In addition, there is a description of the file system itself, which consists of directories and files, with some specific features of the FAT itself.

 data Entry = DirRoot Int [Entry] | DirDot Int | DirDotDot Int | Dir Int String [Entry] | File Int String Int BS.ByteString deriving (Eq, Ord, Data, Typeable, Show)

data Entry = DirRoot Int [Entry] | DirDot Int | DirDotDot Int | Dir Int String [Entry] | File Int String Int BS.ByteString deriving (Eq, Ord, Data, Typeable, Show)

Here we will stop in more detail. The strange constructors DirDor and DirDotDot are nothing more than directories '.' and '..', which are a surprise - are first-class, physically present directory entries. Fortunately they
they are only links and do not require cluster allocation.

Everything else is pretty obvious: the first attribute of type constructors is a unique identifier. He obviously can be useful to us in order to understand the firmware from which "file" the data was requested.

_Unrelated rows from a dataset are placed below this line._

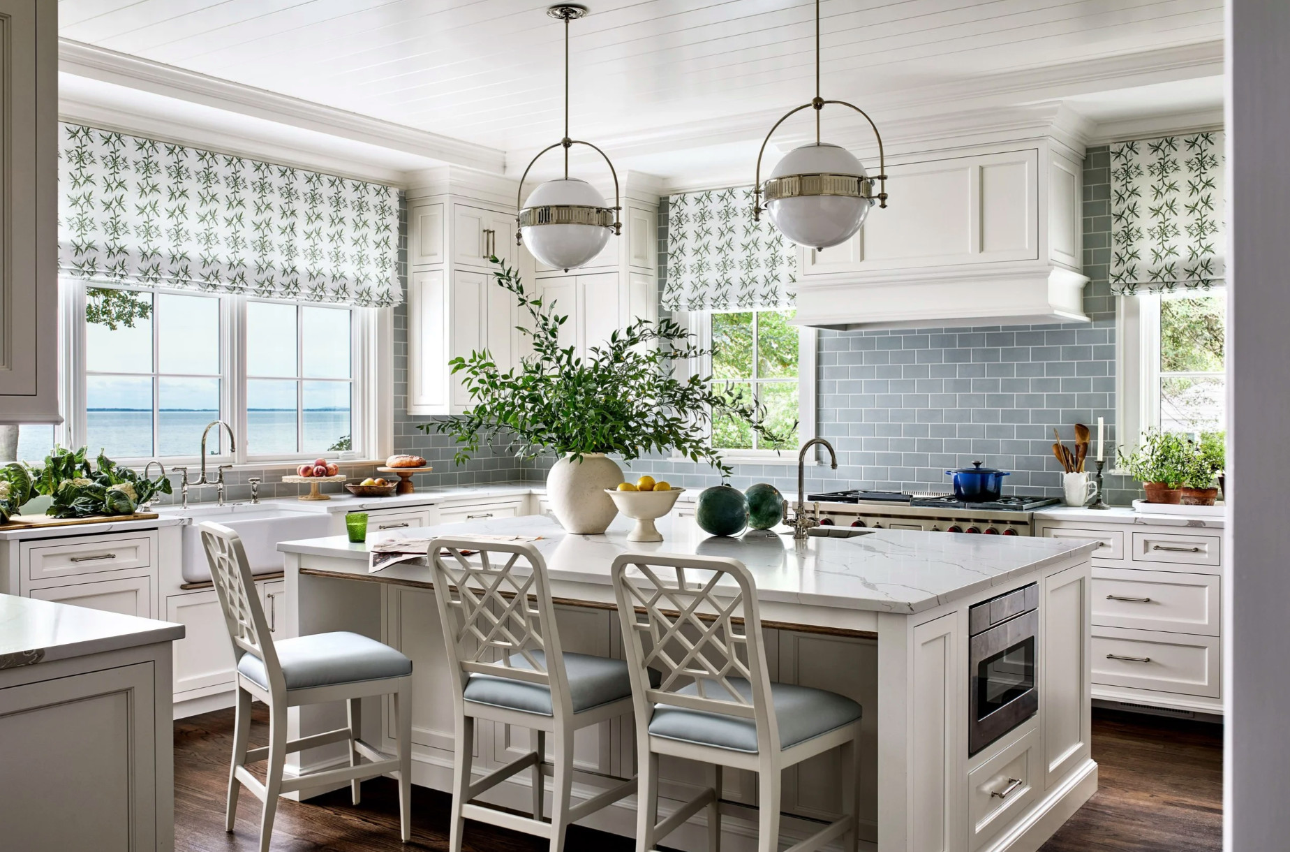 “It depends on what the kitchen needs,” Cavanaugh says. “While an uninterrupted countertop gives you large areas for service and seating, sometimes the size and scale of a kitchen require the water source or cooking element to be on the island. In either case, a great design can afford the homeowner optimized use and beautiful design opportunities.”
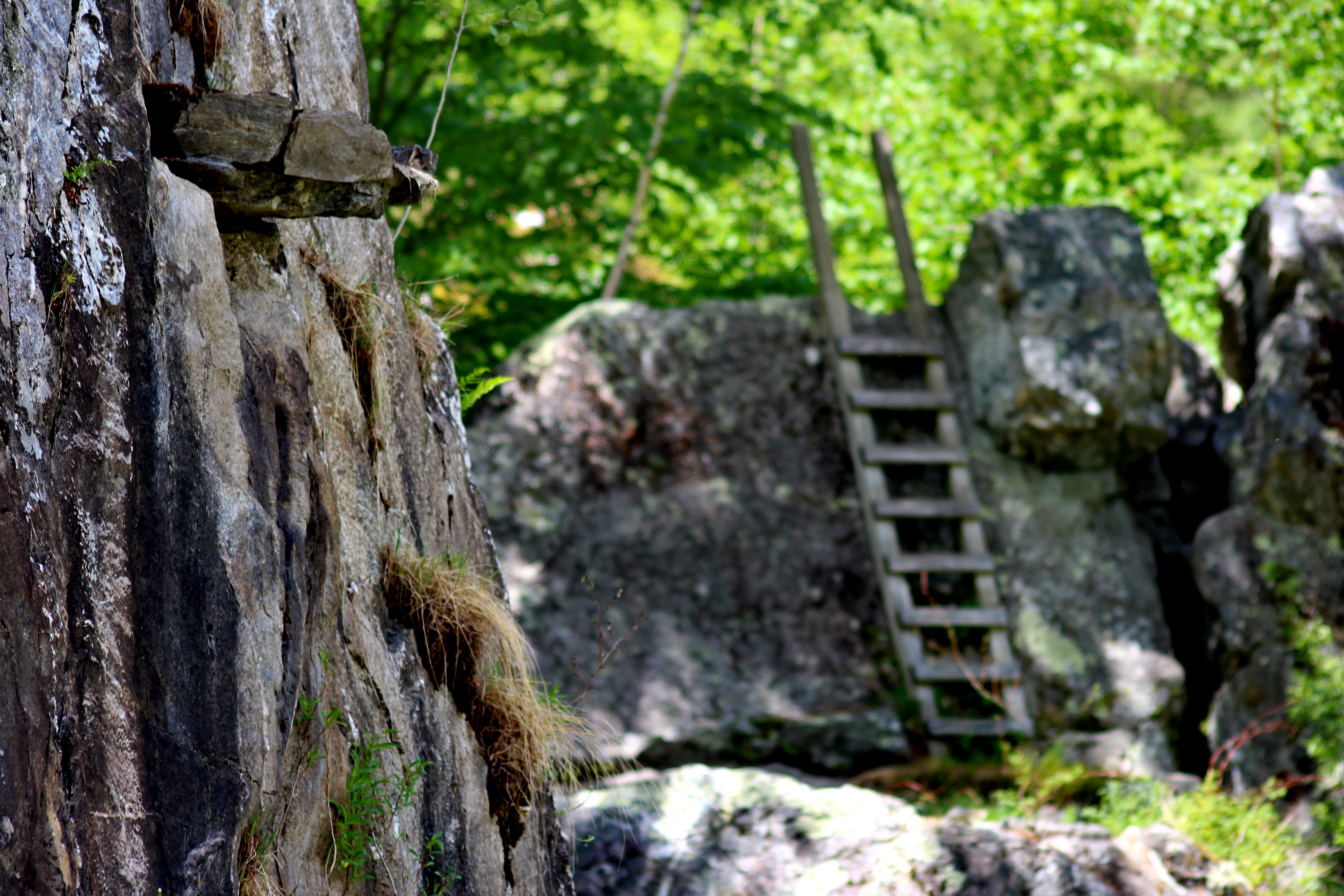 In the distance, a wooden ladder,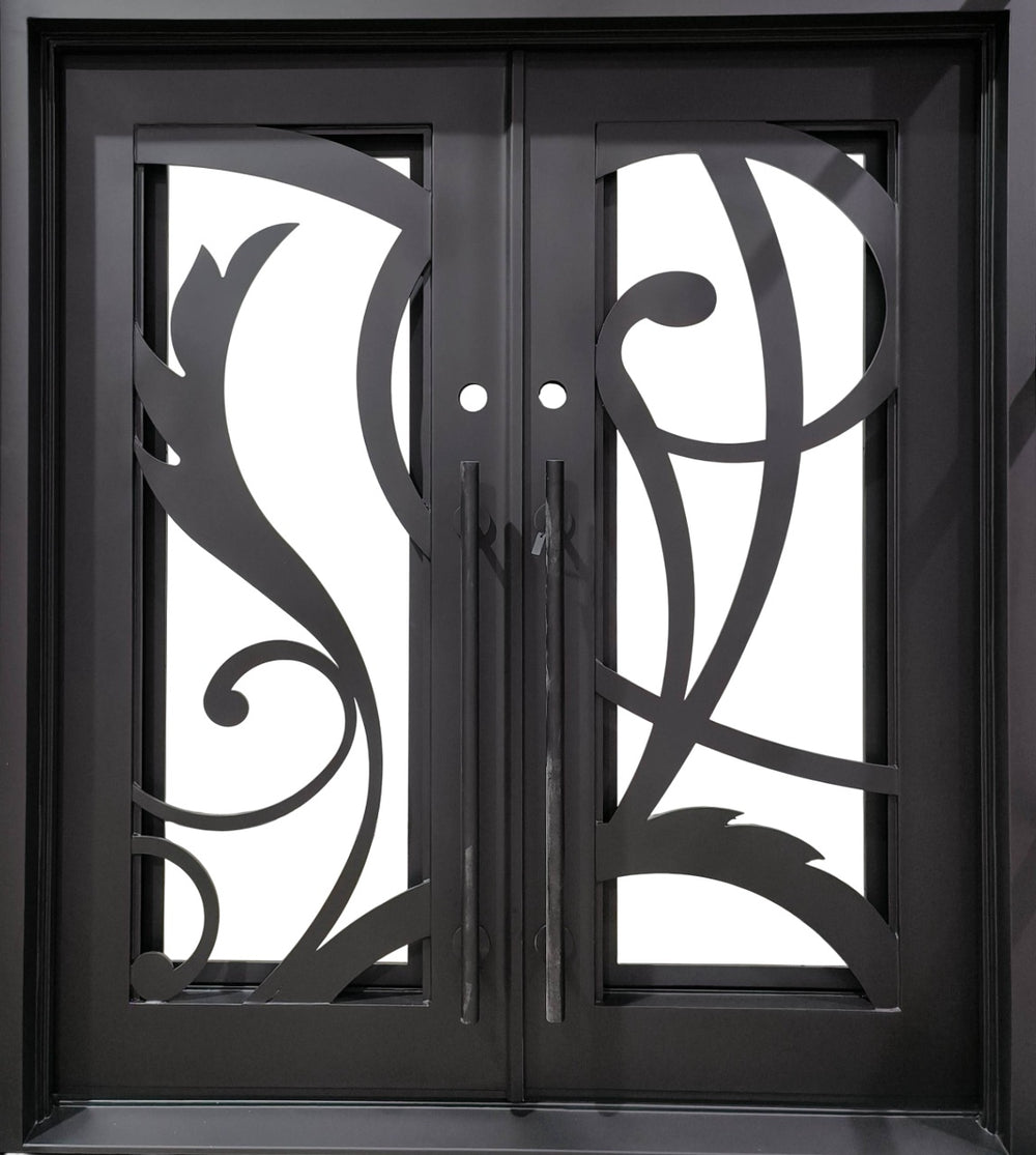 Model IWD 990 delivers a stately entrance through ornamental symmetry and handcrafted ironwork. Each panel showcases full-length vine scrolls anchored by dual circular medallions, offering traditional flair with modern structural integrity. The kickplate panels ground the design visually, while the matte black finish enhances contrast and resilience. Ideal for upscale homes and curated renovations, this model blends strength, elegance, and design clarity.

The second attribute is the file name. In the case of a file, add the same size and data. This, of course, is not the data of the file itself, but some indication of the device firmware, where this data is taken from. There you can write, for example, sishnuyu structure or URL stream. Therefore ByteString.

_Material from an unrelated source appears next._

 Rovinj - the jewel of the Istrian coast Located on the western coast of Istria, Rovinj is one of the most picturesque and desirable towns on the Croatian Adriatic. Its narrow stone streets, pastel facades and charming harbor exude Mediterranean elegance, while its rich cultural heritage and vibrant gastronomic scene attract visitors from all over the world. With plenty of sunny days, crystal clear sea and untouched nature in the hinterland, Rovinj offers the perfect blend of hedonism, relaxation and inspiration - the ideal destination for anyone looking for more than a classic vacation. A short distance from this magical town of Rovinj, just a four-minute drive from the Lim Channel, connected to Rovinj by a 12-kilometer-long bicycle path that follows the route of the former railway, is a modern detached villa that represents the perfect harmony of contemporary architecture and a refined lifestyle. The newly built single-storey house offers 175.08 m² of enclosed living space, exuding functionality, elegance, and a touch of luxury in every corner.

Now we need to somehow construct the Entry, taking into account the requirements of the file system: each directory, except the root directory, must contain the entries '.' and '..', they must refer to their respective directories; there should be no
identical record names, titles should not contain prohibited characters, and so on and so forth. It can be seen that it is hard to create this structure manually, besides, the user of the API must do this, and he will surely confuse something and everything will break, but the matter is serious. So it’s better to ban the import of Entry type content from our module, and provide the user with some more convenient and error-proof solution. Something like:

 fileContents = ... fatSample2 = filesystem $ do file "file0" (16384) fileContents dir "A" $ do file "file1" (megs 100) fileContents dir "C" $ do file "file3" (megs 100) fileContents file "file4" (megs 100) fileContents file "file5" (megs 100) fileContents dir "E" $ emptyDir dir "B" $ do file "file2" (megs 50) emptyFile

fileContents = ... fatSample2 = filesystem $ do file "file0" (16384) fileContents dir "A" $ do file "file1" (megs 100) fileContents dir "C" $ do file "file3" (megs 100) fileContents file "file4" (megs 100) fileContents file "file5" (megs 100) fileContents dir "E" $ emptyDir dir "B" $ do file "file2" (megs 50) emptyFile

It looks good, even those who do not know the language can understand what is being described here.
It is easy to implement: to generate something horrible, there is already a ready-made Writer monad.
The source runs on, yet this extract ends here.